SimpliPhi CEO: CA Must Reform Its Energy Market & Infrastructure
As Californians face fires, shutoffs, and billions in losses, SimpliPhi CEO calls on policymakers to restructure the state’s energy markets and infrastructure to mandate distributed energy and real safety.
OXNARD, Calif. – Nov. 12, 2019 – Catherine Von Burg, CEO of SimpliPhi Power Inc., an Oxnard-based provider of innovative energy storage systems, today called on California officials to reform the state’s antiquated energy laws, regulations and infrastructure, and adopt distributed energy generation and storage to provide real long-term solutions and greater safety than the state-approved “Public Safety Power Shutoffs” (PSPS), which have inflicted hardship on millions of Californians and more than $2.5B in economic losses.
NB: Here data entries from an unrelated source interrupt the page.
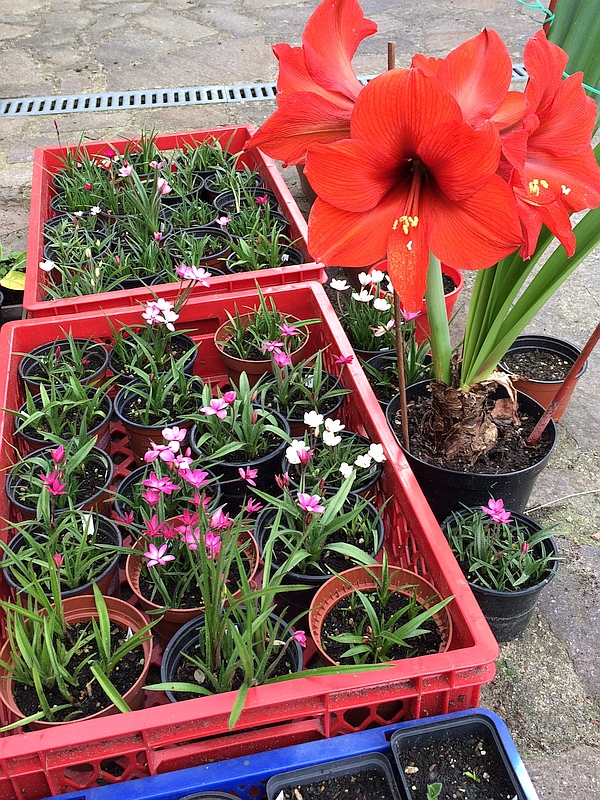Hier blühen welche in der Nähe von Salvia kusnetzowii. Damit es nicht etwa zu harmonisch wird, gibt es immer irgendwo noch einen Klatschmohn...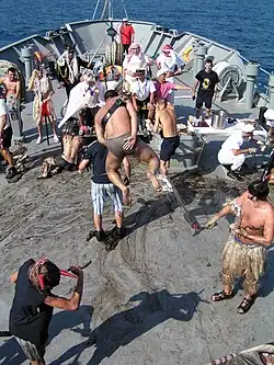 Chrzest równikowy – tradycyjny obrzęd na jednostce pływającej dla osób pierwszy raz przepływających przez równik.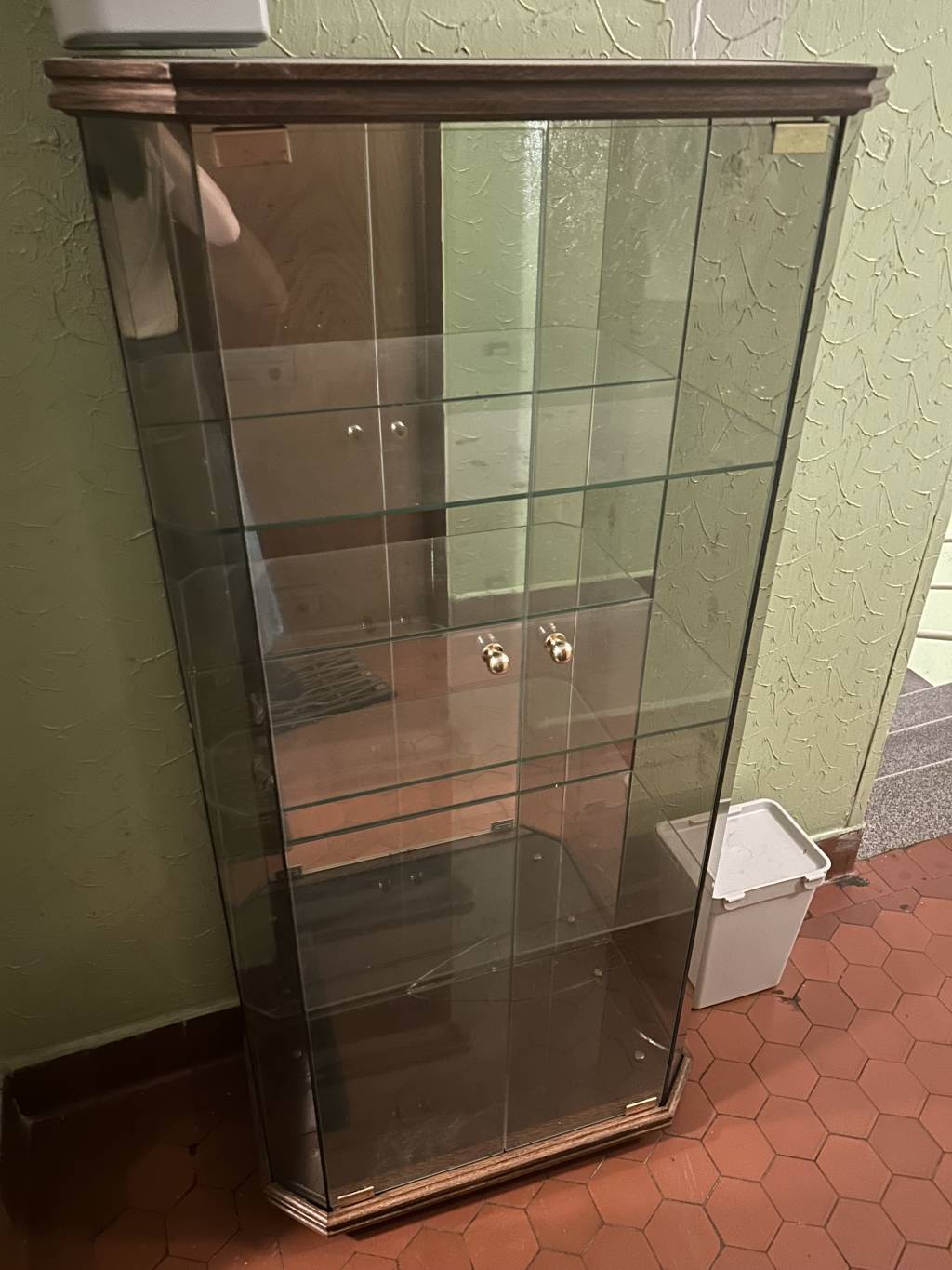 Daruji za odvoz skleněnou vitrínu (v150xš61xh37). Je v prvním patře bez výtahu, takže potřeba více lidí na snesení. Vitrína je lehce obouchaná viz foto, ale na funkčnost to nemá vliv. Prasklina je na spodní části vitríny, která je podložená dřevěnou deskou.
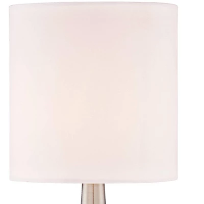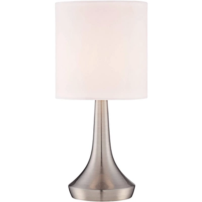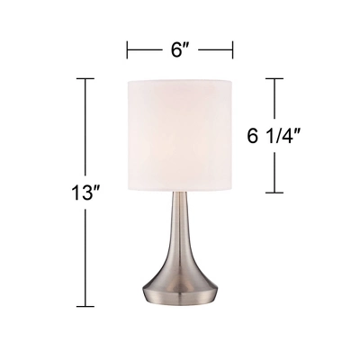 Sleek with a modern profile, this modern table lamp set features a slim tapered shape. Each of the two lamps is crafted in metal with drum shades on top. Touch functionality makes these easy to use and perfect for a bedside or next to a favorite reading chair. Just touch the bases anywhere to turn them on and off. A modern look from the 360 Lighting brand.

“California must urgently reform our energy infrastructure and policies to better protect the public and the world’s 5th largest economy from fires, outdated electrical infrastructure and widespread power shutoffs,” said Von Burg, who launched SimpliPhi Power’s “Energize California” program to help utility customers obtain distributed energy generation and storage to protect their homes, businesses, schools and health clinics, most of which have no back-up energy sources.
“The ‘Public Safety Power Shutoffs’ don’t provide long-term safety to Californians,” said Von Burg, a board member of the California Solar + Storage Association (CALSSA). “Shutting off power is tragically touted as the primary solution to avoiding fires. Yet fires started and spread despite the shutoffs, including the Maria fire in Ventura County, started when a shutoff transmission line was reenergized.
“These draconian shutoffs, which PG&E says could last a decade, don’t even begin to address the innovation, decentralization and reform we need to protect our lives, communities and economy, and to achieve the state’s goal of 100% clean energy by 2045,” Von Burg said. “We need to update our entire system of laws, incentives and regulations to provide real long-term safety and prosperity.’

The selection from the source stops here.